The recently released Symantec Internet Security Threat Report (ISTR) Financial Threats Review 2017 stated that 38% of all financial threat detections were against corporations, rather than customers. While these attacks are more difficult to execute, they yield a higher profit, which is why there was 1.2 million such attacks in 2016.

Attacks against financial institutions are on the rise, with the emergence of a select group of cyber criminals targeting financial institutions in a sophisticated manner.

She deduced that incidents targeting banks have spread around the world, striking institutions in Ukraine, Poland, Bangladesh, Ecuador, U.K. and India, to name a few, with losses totaling hundreds of millions of dollars. These widespread events indicate that financial criminals see these networks as prime targets for attack.

FinanceFeeds concurs with this, and also is of the understanding that several attacks of this nature are aimed at gaining access to customer accounts and passwords, providing the attacker with the full user credentials required to make successful withdrawals from trading accounts to their own bank accounts without any contact with the actual account holder.

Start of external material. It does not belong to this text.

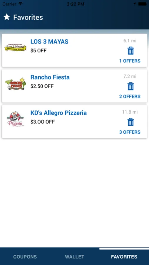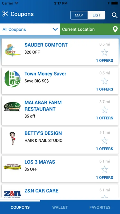 Star your Favorite businesses to easily access offers from the places you visit most frequently.

The FX industry is so multi-faceted that the need for cybersecurity exists in many specific areas such as the electric payment processing sector, the safeguarding of client funds in online trading accounts and the actual access to trading accounts themselves in order that trades can be opened and closed.

Last year, Tim Thompson, CEO of British payment payment service provider and risk management technology company NOIRE explained to FinanceFeeds that FX brokerage accounts are usually accessible online needing only a username and password in order to gain access to sensitive data and exposure to fraudulent withdrawals.

“It can start in a number of ways” explained Mr. Thompson. “These methods include fraudsters phishing customers details, through emails pretending to be from the broker and telephone calls, Trojan malware programs often downloaded for trading platforms which look legitimate but could be obtaining customers’ login details and passwords. Fraudsters do this on an industrial scale and gain access to many customer accounts across many businesses.”

Mr. Thompson explained that in many cases, fraudsters have been able to successfully make withdrawals from trading accounts, their requests being so authentic that they have been passed by even the most diligent of compliance departments. The ability to access accounts by phishing and sending in Trojan horse malware programs in order to ’emulate’ the real customer would be avoided with the right anti-fraud security systems.

Facial recognition technology would prevent this entirely. Basically, no face, no withdrawal.

Once again, it will likely be down to the avantgarde R&D departments within retail FX firms – often those are at the absolute leading edge of development within this industry – to develop such systems and pave the way forward, as the regulators are unlikely to take the lead.

He who invents and successfully implements it will gain historic acclaim as he who put a stop to cyber threats in the retail FX industry.